Turkish Journal of Agriculture and Forestry




Poor crop stand and high weed infestation are the major constraints of direct seeded rice. Seed priming has the potential to improve the seedling emergence and crop stand. This study was conducted to evaluate the on-farm assessment of direct seeded rice by employing different priming techniques such as on-farm priming, hydropriming, hardening, and osmohardening with CaCl_2 and KCl. Untreated seeds were taken as control. Among all the seed priming techniques, osmohardening with CaCl_2 improved the stand establishment, allometric response, agronomic traits, yield, and quality of harvested paddy compared with other priming techniques, and non-primed control in direct seeded culture.

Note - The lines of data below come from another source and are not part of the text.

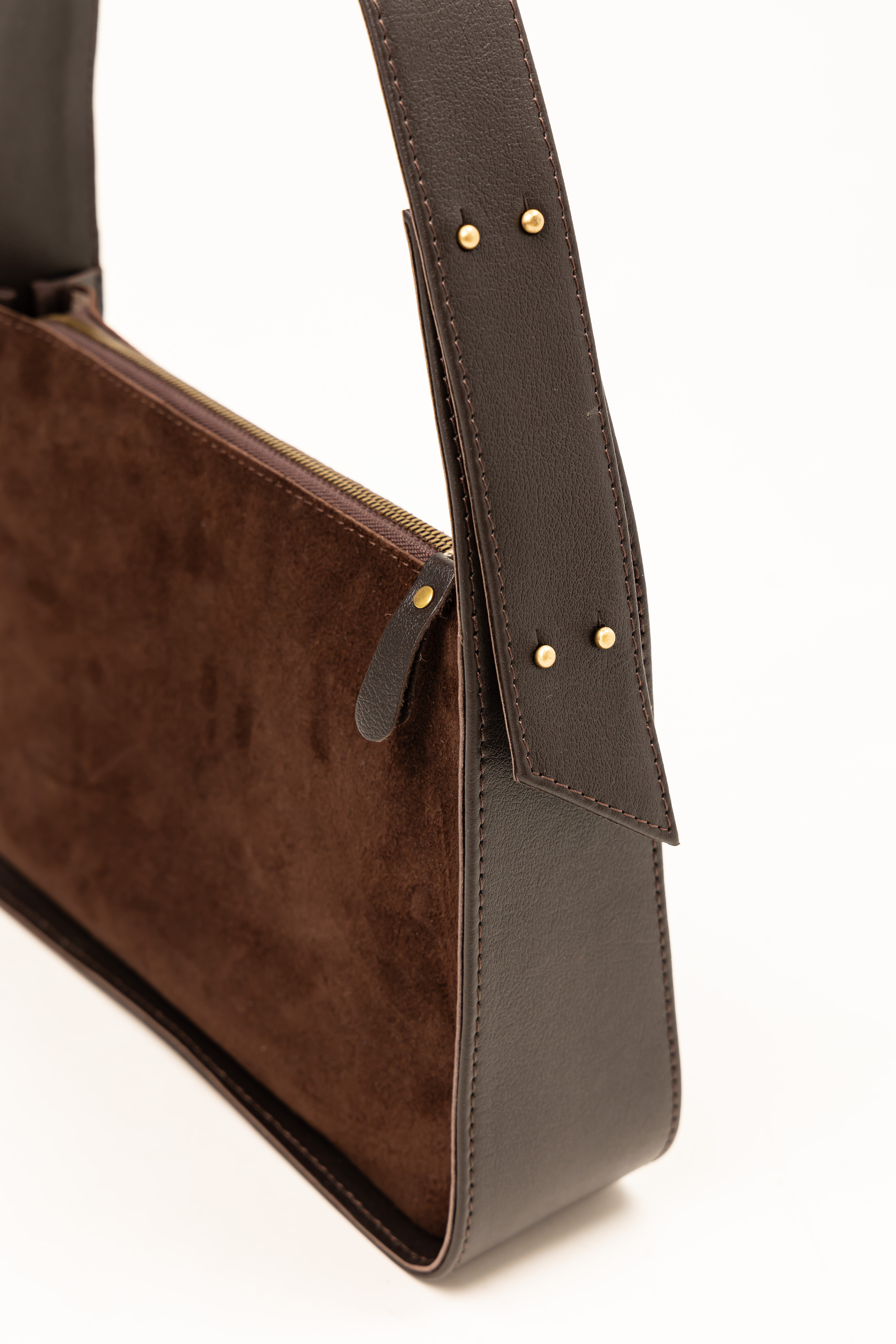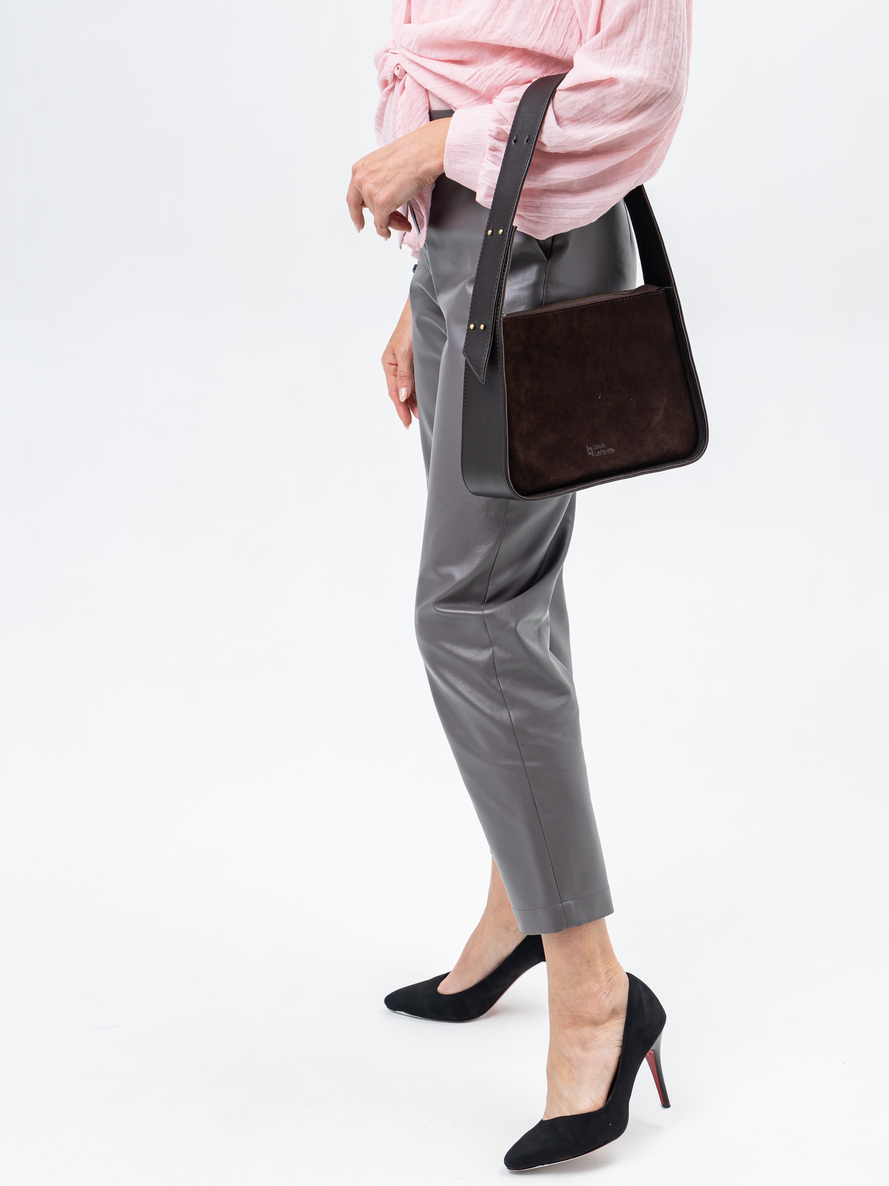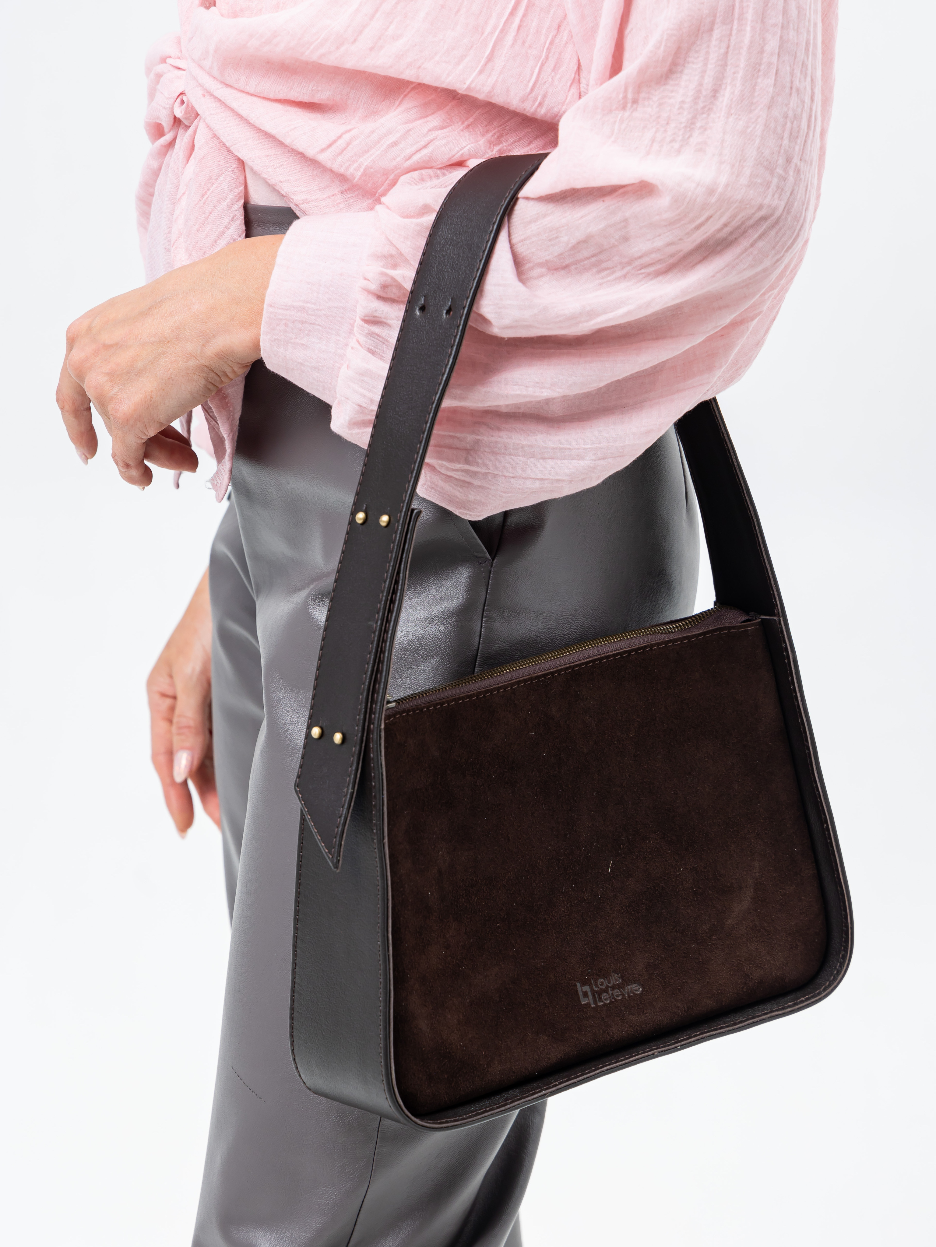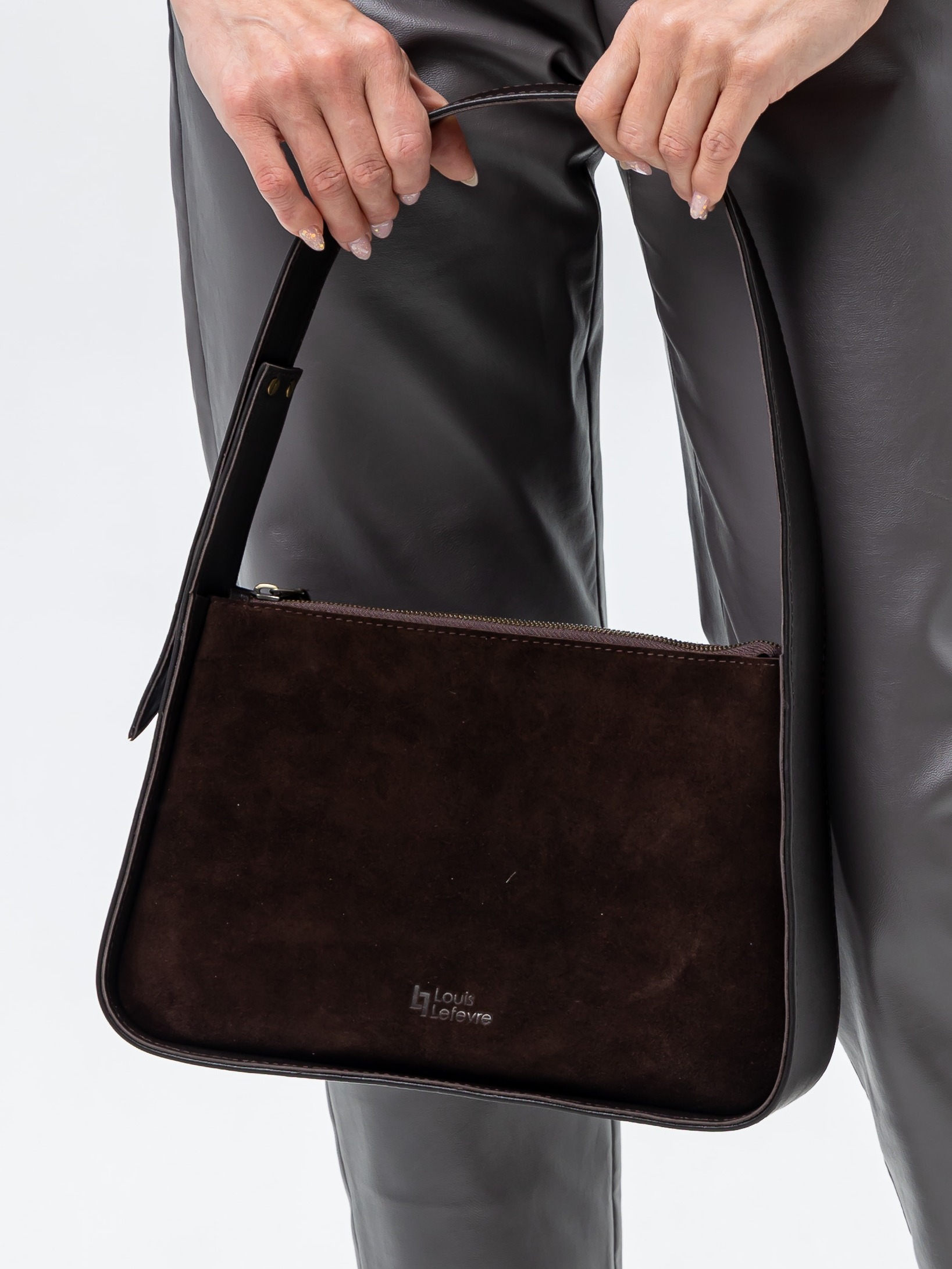 Представляем трендовый аксессуар на распродаже — женскую сумку натуральная кожа через плечо кросс боди среднего размера от Louis Lefevre. Изделие выполнено из премиального велюра (высококачественная замша) с кожаными элементами. Модная коричневая расцветка и формат багет соответствуют тренду 2026г.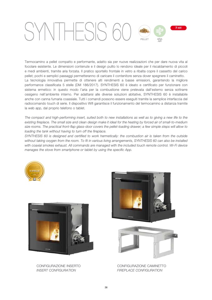 performance classificata 5 stelle (DM 186/2017). SYNTHESIS 60 è ideato e certificato per funzionare con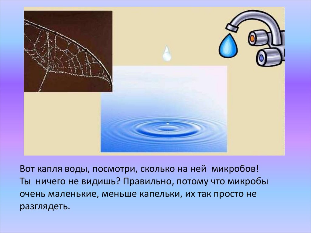 Вот капля воды, посмотри, сколько на ней микробов!Ты ничего не видишь? Правильно, потому что микробы

Improved crop stand as indicated by lower values of time to emergence and higher values for emergence index and final emergence, higher crop growth rate, and improved plant height, tiller numbers, and straw and kernel yield with high harvest index were recorded from osmohardening with CaCl_2. In addition, seed priming treatments also improved the kernel quality. Osmohardening with CaCl_2 was the best way to reduce sterile spikelets, abortive and chalky kernels, and improve kernel length. However, none of the seed priming techniques could improve the number of kernels per branch, 1000-kernel weight, kernel width, and kernel water absorption ratio. Moreover, improved phosphorus, calcium, and potassium contents were also observed from osmohardening with CaCl_2 followed by KCl. Osmohardening with CaCl_2 can therefore be employed for better crop stand, growth, yield, and quality in direct seeded rice.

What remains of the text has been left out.